I found this thread while browsing last evening and watched the show. I also recall that the period in question was when, after first Moss's accident and then Clark's death, I began to lose interest in motor racing. My era as a (fairly young) spectator was the period 1954 - 68/ 69 and I vividly recall the sneering from those who did not drive racing cars at the likes of Jackie Stewart, 'pious Scot with beady eyes'. (Q: How do you find Jackie Stewarts house? A: Fly to Geneva, leave the airpiort and follow the Armco barriers. Ho ho ho...)

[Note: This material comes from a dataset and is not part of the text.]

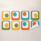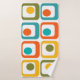 This towel set has an orange washcloth, a yellow hand towel, and a bath towel with a mid-century modern design of four rounded rectangles in four rows with ovals inside them in orange, yellow, green, and turquoise.

How different is our perspective now.
But one question came again to my mind that I have often wondered and never seen satisfactorily answered: did Colin Chapman simply not care about the lives of those who got into his cars? So many drivers died (or were badly injured) due to mechanical failure in Lotus cars designed and built under Chapman compared to - well - just about all the others put together that it must have been obvious to even the most blind observer that there was something seriously amiss. (And the courts, the programme revealed, evidently would have thought so too - or Chapman would not have settled out of court with the private purchaser who sued him.) There is the famous story of Stirling Moss, presented with a cake in the shape of a Lotus at a post-race dinner in the States, cutting off the rear wheel and having it very publicly sent across to Chapman's table. Chapman, the story goes, did not think it very funny.
In the programme Chapman, in response to a question on camera that pre-echoes my own, says 'there are so mnay things that can go wrong with a racing car that the unusual ones are the one that finish', which would seem to indicate that to him the fatal (to someone else) consequence of something 'going wrong' was just one of those things. He might have regretted the death of his driver (he was reportedly so upset over Clark's death that he just wimped-out of the consequent clear-up and left it to others, notably Graham Hill) - but it does not seem to have prompted him to channel his much lauded engineering genius into making his cars stronger or safer. This seems to me 'genius' of a very flawed nature.
I did do a Forum search to see if this subject has been much discussed before (I assumed that it must have been, probably exhaustively so) but all I could find was
http://forums.autosp... chapman killer which seems very quickly to degenrate into a discussion of the rather bizarre notion that he faked his own death and is now (was then) living in Brazil. I confess I had not heard that one before.
So: did Colin Chapman simply not care about the lives of those who got into his cars?